:: What the task asks ::
Each line in the material below, starting at the one that contains "and edge. | |" and ending at the one that contains "POL Balloon Sleeve", should be repeated exactly; the pictures should not.

:: The data ::
★ ★ ★ ★
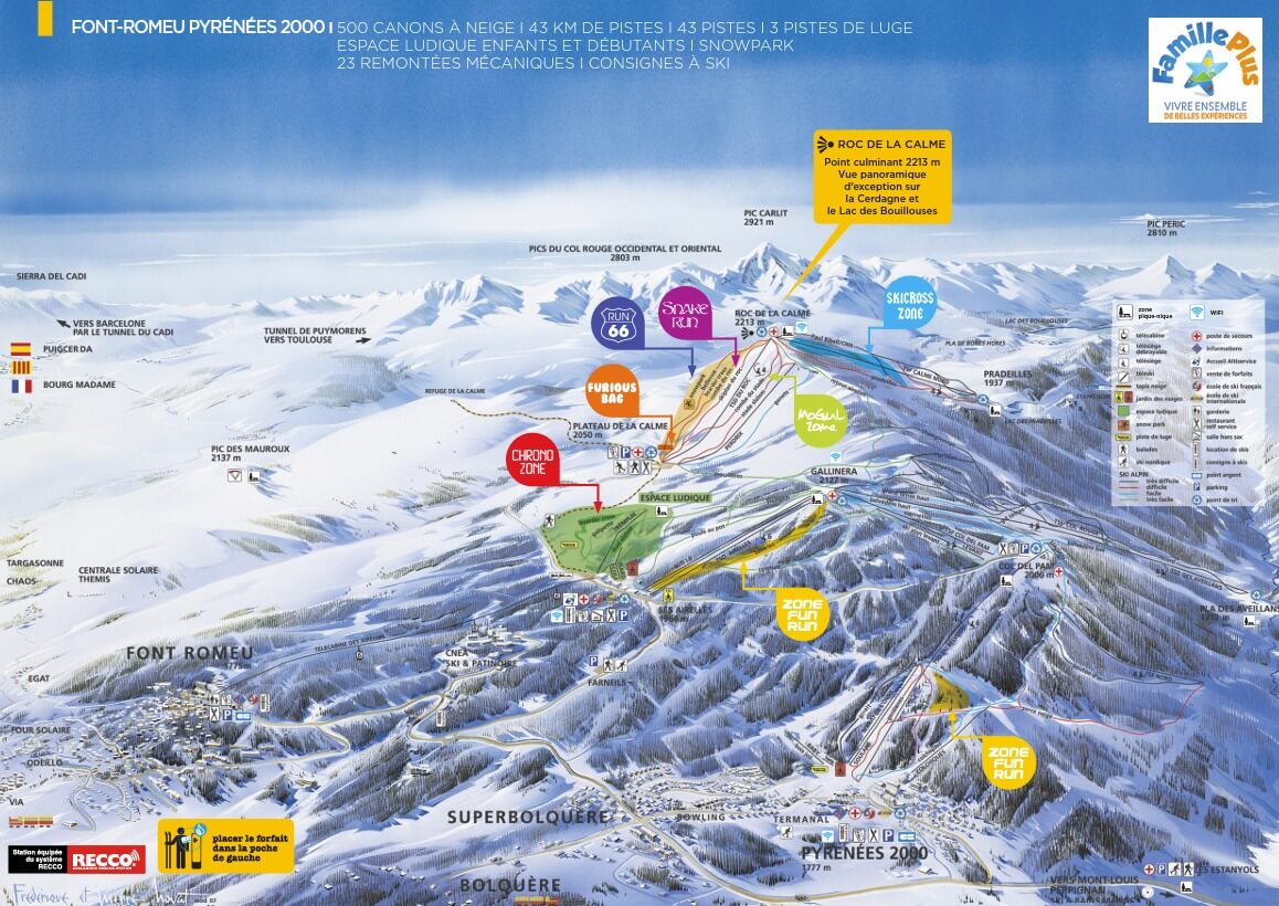 La station culmine à 1800m, entre la France et l’Espagne, sur le vaste plateau de la Cerdagne. Elle comporte 4 secteurs.
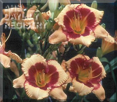 | Description : Lemon yellow with dark purple eye and edge. | |
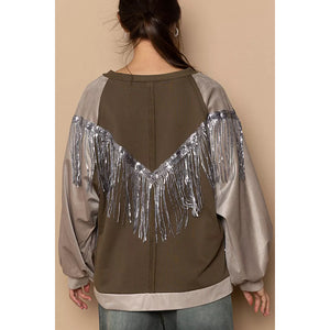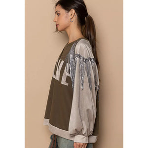 POL Balloon Sleeve French Terry Sweatshirt with Sequin Tassel
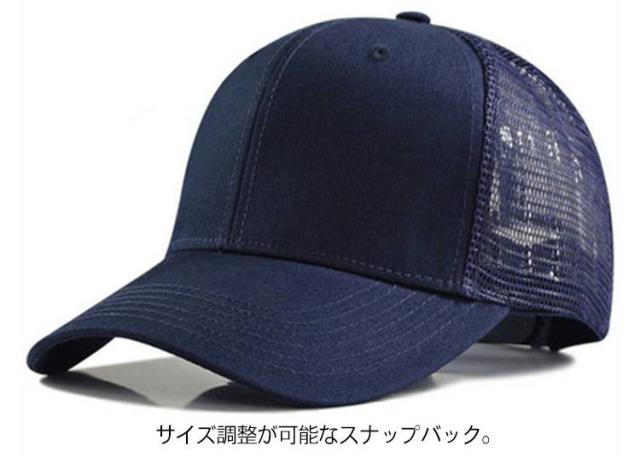 | 頭囲68cmまで対応の大きいサイズがあります! シンプルですっきりとした後頭部がメッシュの無地キャップです。 後ろがメッシュになっていて蒸れることなく被れる優れもの。 男性、女性、どちらでもかぶりやすい定番カラーを揃えました。 サイズ調整が可能なスナップバック。 かぶる人に合わせてスナップでサイズの調節ができるのが嬉しいポイント。 シルエットは大きめでクラウンが高めで深さがあるので、どんな顔型でもバランス良く被りやすいのもポイント。 | |
★ ★ ★ ★
:: Answer area ::
 | Description : Lemon yellow with dark purple eye and edge. | |
 POL Balloon Sleeve French Terry Sweatshirt with Sequin Tassel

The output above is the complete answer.